**WHAT IS EXPECTED**. Up to and including the line that contains "This Concept Map, created", repeat the entries below exactly from the first line on. Do not carry over any pictures.

**EXTRACTED MATERIAL**.
.....

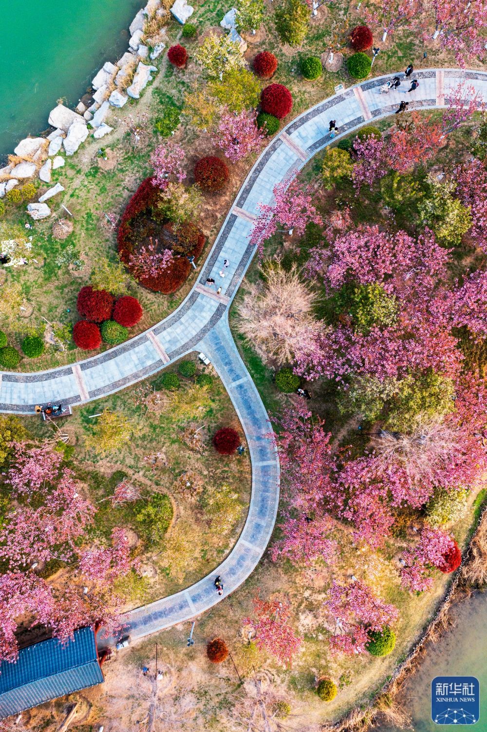 4月1日,人们在河南省商丘市日月湖景区樱花岛赏樱游玩(无人机照片)。
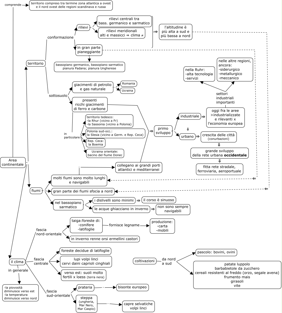 This Concept Map, created with IHMC CmapTools, has information related to: area continentale, i dislivelli sono minimi ⇒ il corso è sinuoso, steppa (ungheria, Mar Nero, Mar Caspio) . capre selvatiche volpi linci, nel bassopiano sarmatico . le acque ghiacciano in inverno, fiumi . nel bassopiano sarmatico, presenti ricchi giacimenti di ferro e carbone in particolare territorio tedesco: -la Rhur (vicino a Fr) -la Sassonia (vicino a Polonia), coltivazioni da nord a sud patate luppolo barbabietole da zucchero cereali resistenti al freddo (orzo, segale avena) frumento mais girasoli vite, primo sviluppo . industriale, molti fiumi sono molto lunghi e navigabili . collegano ai grandi porti atlantici e mediterranei, rilievi - rilievi meridionali alti e massicci ⇒ clima ≠, il clima fascia nord-orientale in inverno renne orsi ermellini castori, Area continentale - fiumi, collegano ai grandi porti atlantici e mediterranei ⇒ primo sviluppo, il clima fascia sud-orientale steppa (ungheria, Mar Nero, Mar Caspio), oggi fra le aree >industrializzate e rilevanti x l'economia europea settori industriali importanti nella Ruhr: -alta tecnologia -servizi, il clima fascia centrale foreste decidue di latifoglie, taiga:foreste di: -conifere -latifoglie fornisce legname produzione: -carta -mobili, fiumi . molti fiumi sono molto lunghi e navigabili, territorio conformazione in gran parte pianeggiante, oggi fra le aree >industrializzate e rilevanti x l'economia europea settori industriali importanti nelle altre regioni, ancora: -siderurgico -metallurgico -meccanico, presenti ricchi giacimenti di ferro e carbone in particolare Ucraina orientale: bacino del fiume Donec
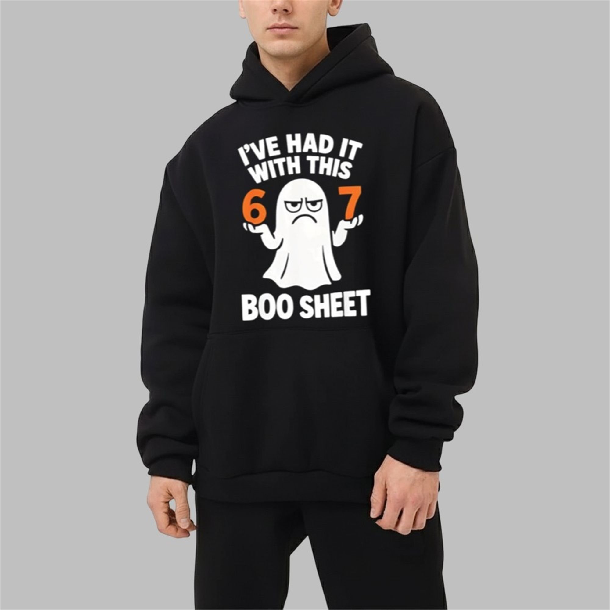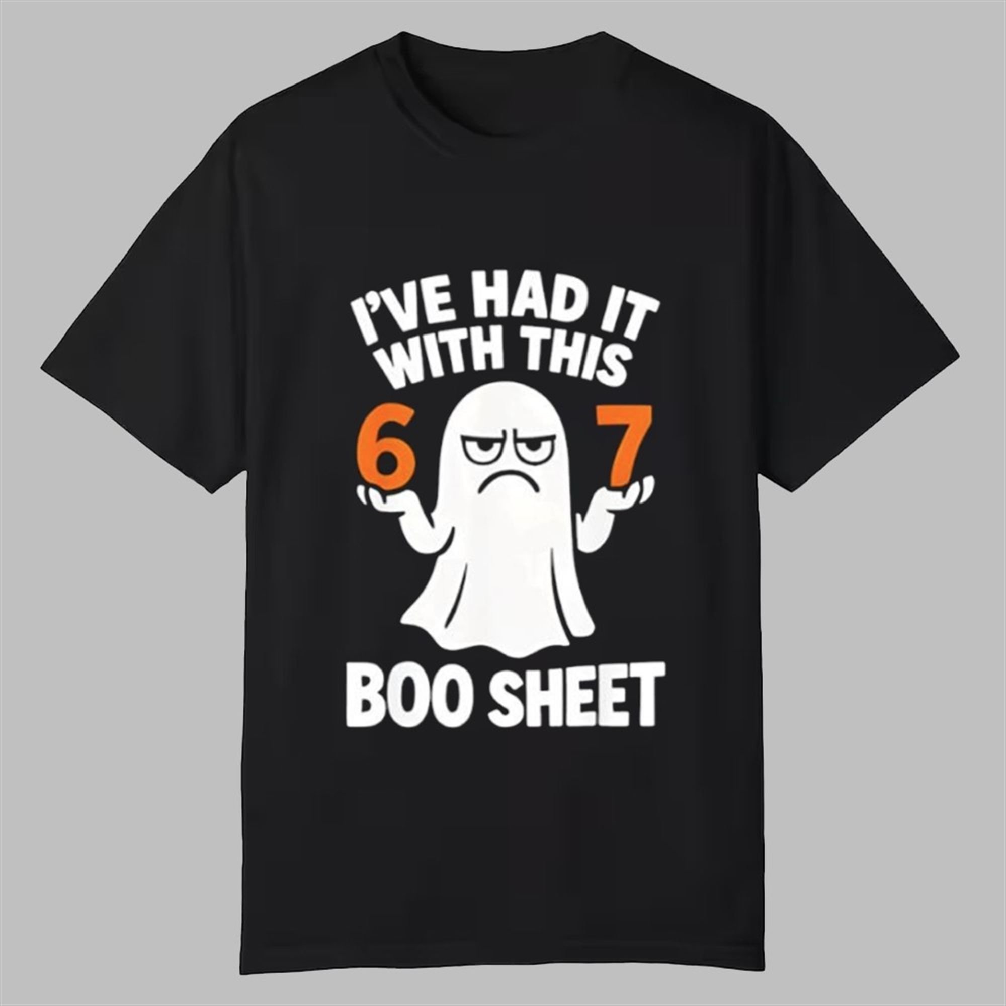 The design centers on an adorably annoyed ghost, hands thrown up in defeat, flanked by the numbers 6 and 7. The bold, easy-to-read text “I’VE HAD IT WITH THIS 6 7 BOO SHEET” makes the joke instantly clear, delivering a punchline that’s both clever and universally understood. This shirt is designed for the modern individual with a sharp sense of humor—the person who loves memes, appreciates a good pun, and isn’t afraid to showcase their sarcastic side. It acts as the perfect icebreaker at social gatherings and a badge of honor for surviving the daily grind, making it an essential addition to any wardrobe for Halloween 2025 and beyond.
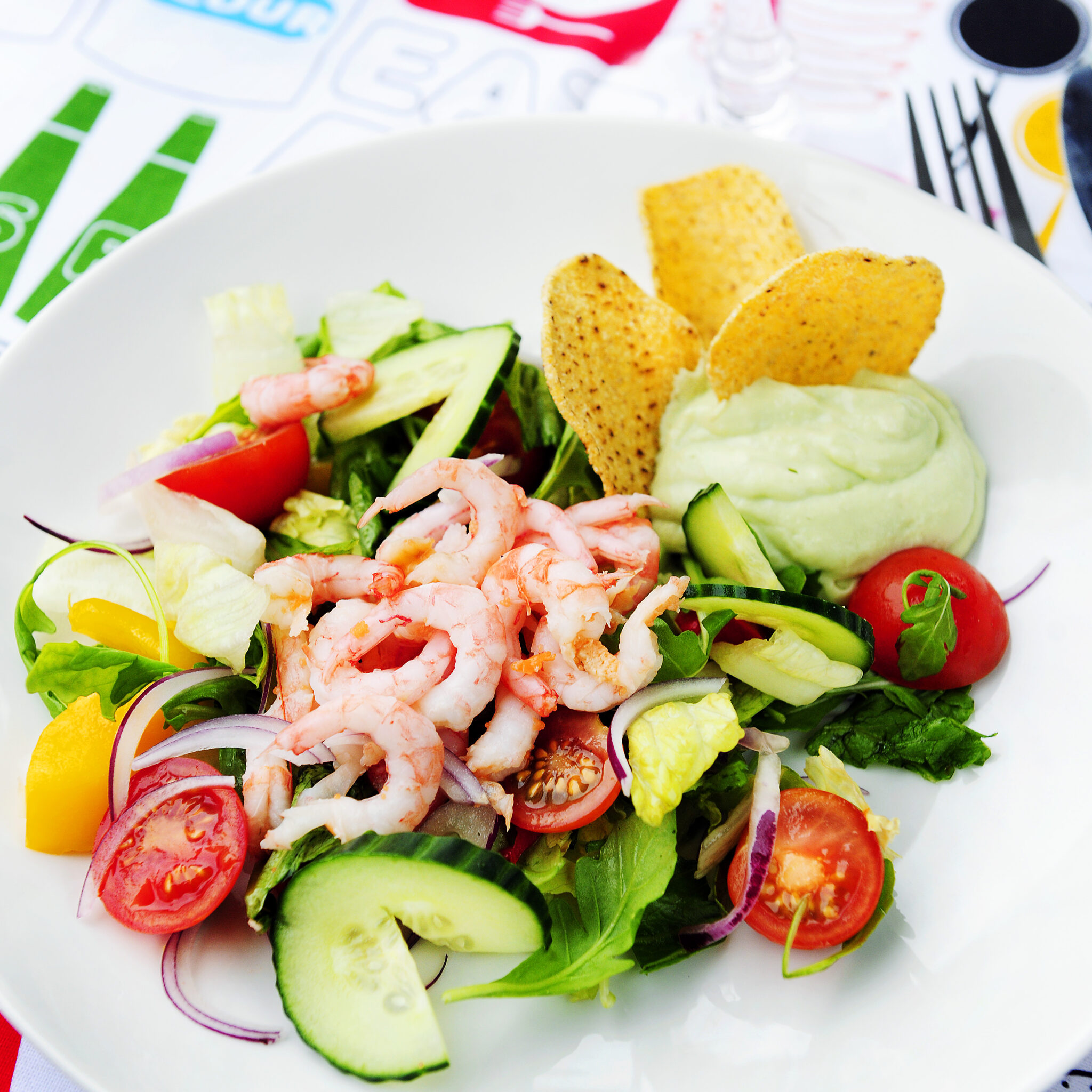 Räksallad med avokadodip och tortillachips
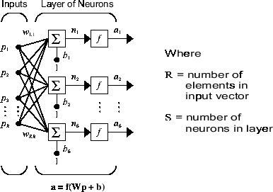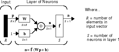 Здесь p - входной вектор R-длины, W - матрица S × R, a и b - векторы S-длины. Как определено ранее, нейронный слой включает в себя весовую матрицу, операции умножения, вектор смещения b, сумматор и блоки передаточных функций.
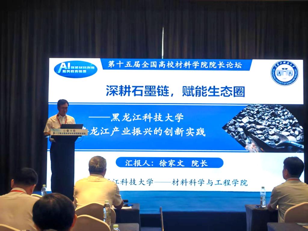 分论坛重点围绕党建思政、AI赋能人才培养、学科与师资队伍建设、科研平台建设、区域发展、期刊与国际化等方面,分6个会场进行了广泛交流与研讨,来自全国近70所高校的专家学者作学术报告。【官网】材料科学与工程学院院长徐家文教授在区域发展分论坛作题为《深耕石墨链,赋能生态圈——OD在线服务龙江产业振兴的创新实践》报告。报告介绍了【官网】围绕黑龙江石墨产业布局,抢抓龙江创新驱动发展战略机遇,助力哈尔滨“碳谷”生态圈建设,围绕“煤炭产业链”和“石墨产业链”着力打造学校创新链的实践,展示了材料科学与工程学院在石墨领域研究中,锚定1个核心产业、依靠2轮协同驱动、构建3级支撑平台、实现4方主体联动的服务石墨产业发展格局,以及在人才培养、技术转让、成果转化等方面取得的成果。

.....

**RESPONSE**.
 4月1日,人们在河南省商丘市日月湖景区樱花岛赏樱游玩(无人机照片)。
 This Concept Map, created with IHMC CmapTools, has information related to: area continentale, i dislivelli sono minimi ⇒ il corso è sinuoso, steppa (ungheria, Mar Nero, Mar Caspio) . capre selvatiche volpi linci, nel bassopiano sarmatico . le acque ghiacciano in inverno, fiumi . nel bassopiano sarmatico, presenti ricchi giacimenti di ferro e carbone in particolare territorio tedesco: -la Rhur (vicino a Fr) -la Sassonia (vicino a Polonia), coltivazioni da nord a sud patate luppolo barbabietole da zucchero cereali resistenti al freddo (orzo, segale avena) frumento mais girasoli vite, primo sviluppo . industriale, molti fiumi sono molto lunghi e navigabili . collegano ai grandi porti atlantici e mediterranei, rilievi - rilievi meridionali alti e massicci ⇒ clima ≠, il clima fascia nord-orientale in inverno renne orsi ermellini castori, Area continentale - fiumi, collegano ai grandi porti atlantici e mediterranei ⇒ primo sviluppo, il clima fascia sud-orientale steppa (ungheria, Mar Nero, Mar Caspio), oggi fra le aree >industrializzate e rilevanti x l'economia europea settori industriali importanti nella Ruhr: -alta tecnologia -servizi, il clima fascia centrale foreste decidue di latifoglie, taiga:foreste di: -conifere -latifoglie fornisce legname produzione: -carta -mobili, fiumi . molti fiumi sono molto lunghi e navigabili, territorio conformazione in gran parte pianeggiante, oggi fra le aree >industrializzate e rilevanti x l'economia europea settori industriali importanti nelle altre regioni, ancora: -siderurgico -metallurgico -meccanico, presenti ricchi giacimenti di ferro e carbone in particolare Ucraina orientale: bacino del fiume Donec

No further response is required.